[[ Data supplied open ]]
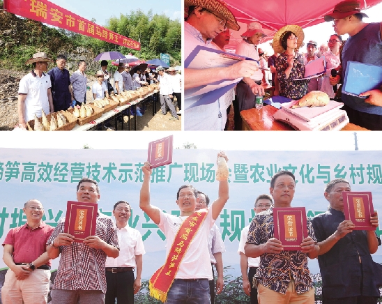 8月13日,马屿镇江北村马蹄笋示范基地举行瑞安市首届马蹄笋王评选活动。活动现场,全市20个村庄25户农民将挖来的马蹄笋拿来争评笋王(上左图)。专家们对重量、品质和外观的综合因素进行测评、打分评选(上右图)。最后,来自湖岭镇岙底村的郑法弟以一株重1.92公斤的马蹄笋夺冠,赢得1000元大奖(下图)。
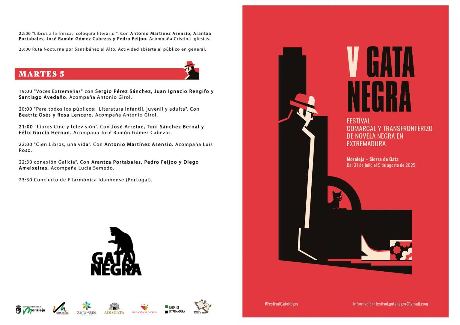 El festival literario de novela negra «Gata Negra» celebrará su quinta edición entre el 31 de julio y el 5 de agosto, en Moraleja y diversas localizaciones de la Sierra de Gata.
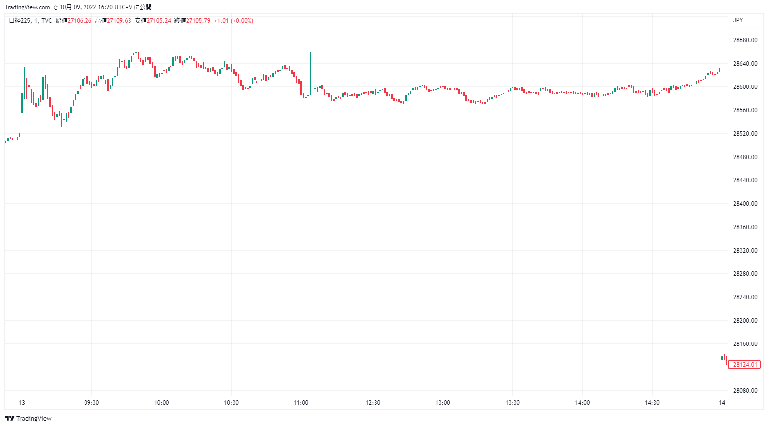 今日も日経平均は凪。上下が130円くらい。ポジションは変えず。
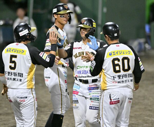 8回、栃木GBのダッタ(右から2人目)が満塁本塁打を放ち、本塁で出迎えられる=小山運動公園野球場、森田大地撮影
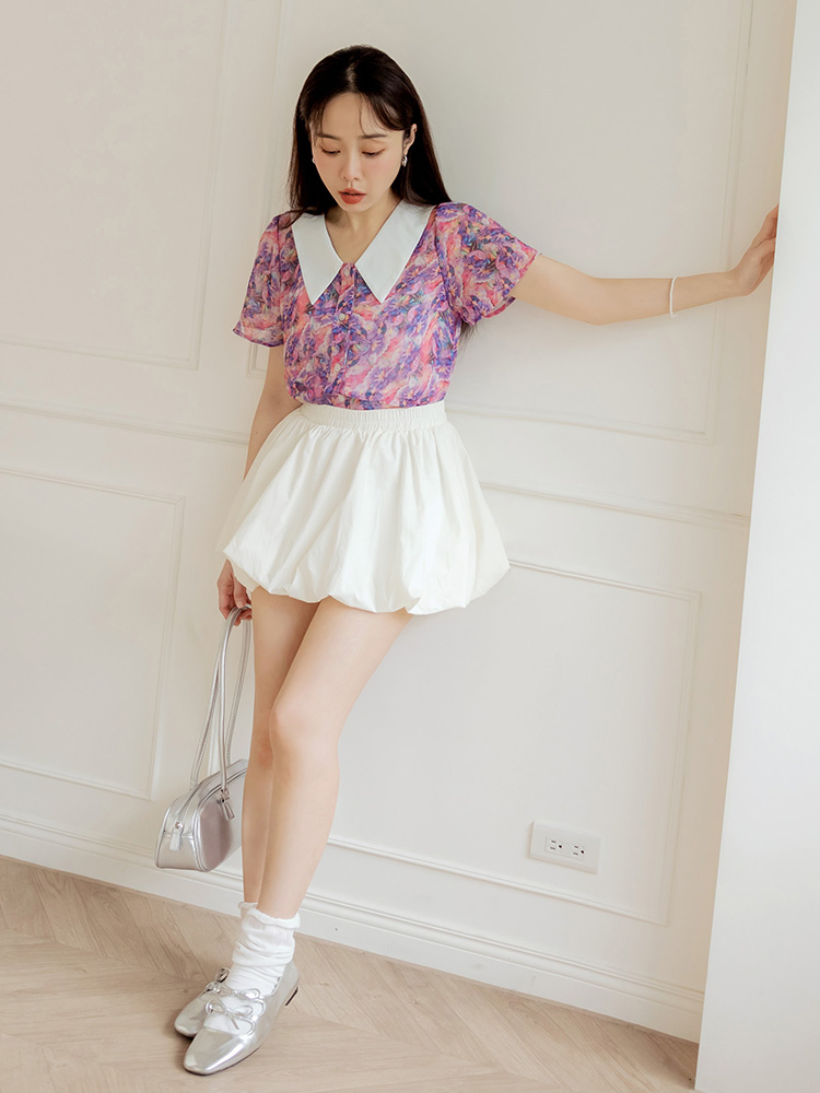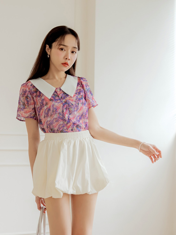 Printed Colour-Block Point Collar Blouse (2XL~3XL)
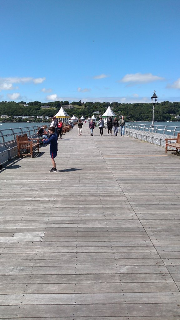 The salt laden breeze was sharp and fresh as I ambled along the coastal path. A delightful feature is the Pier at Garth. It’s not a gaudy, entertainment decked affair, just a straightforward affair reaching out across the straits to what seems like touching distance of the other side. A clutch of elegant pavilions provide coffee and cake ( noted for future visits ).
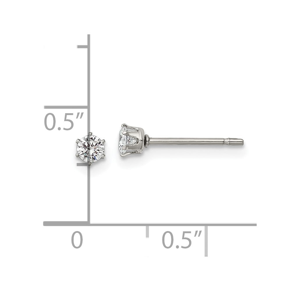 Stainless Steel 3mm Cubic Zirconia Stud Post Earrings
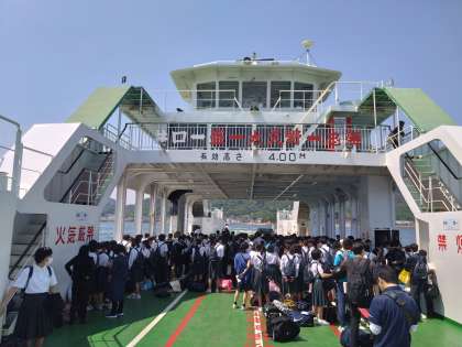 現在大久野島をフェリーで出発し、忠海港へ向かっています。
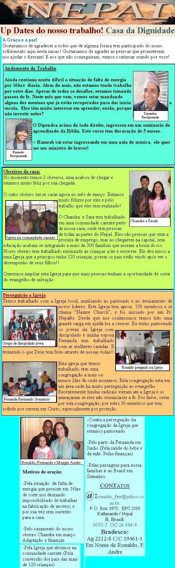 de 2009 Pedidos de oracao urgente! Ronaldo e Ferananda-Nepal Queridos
[[ Data supplied closed ]]
### Directions
Please copy every entry exactly, without the pictures.

### Solution to the exercise
 8月13日,马屿镇江北村马蹄笋示范基地举行瑞安市首届马蹄笋王评选活动。活动现场,全市20个村庄25户农民将挖来的马蹄笋拿来争评笋王(上左图)。专家们对重量、品质和外观的综合因素进行测评、打分评选(上右图)。最后,来自湖岭镇岙底村的郑法弟以一株重1.92公斤的马蹄笋夺冠,赢得1000元大奖(下图)。
 El festival literario de novela negra «Gata Negra» celebrará su quinta edición entre el 31 de julio y el 5 de agosto, en Moraleja y diversas localizaciones de la Sierra de Gata.
 今日も日経平均は凪。上下が130円くらい。ポジションは変えず。
 8回、栃木GBのダッタ(右から2人目)が満塁本塁打を放ち、本塁で出迎えられる=小山運動公園野球場、森田大地撮影
 Printed Colour-Block Point Collar Blouse (2XL~3XL)
 The salt laden breeze was sharp and fresh as I ambled along the coastal path. A delightful feature is the Pier at Garth. It’s not a gaudy, entertainment decked affair, just a straightforward affair reaching out across the straits to what seems like touching distance of the other side. A clutch of elegant pavilions provide coffee and cake ( noted for future visits ).
 Stainless Steel 3mm Cubic Zirconia Stud Post Earrings
 現在大久野島をフェリーで出発し、忠海港へ向かっています。
 de 2009 Pedidos de oracao urgente! Ronaldo e Ferananda-Nepal Queridos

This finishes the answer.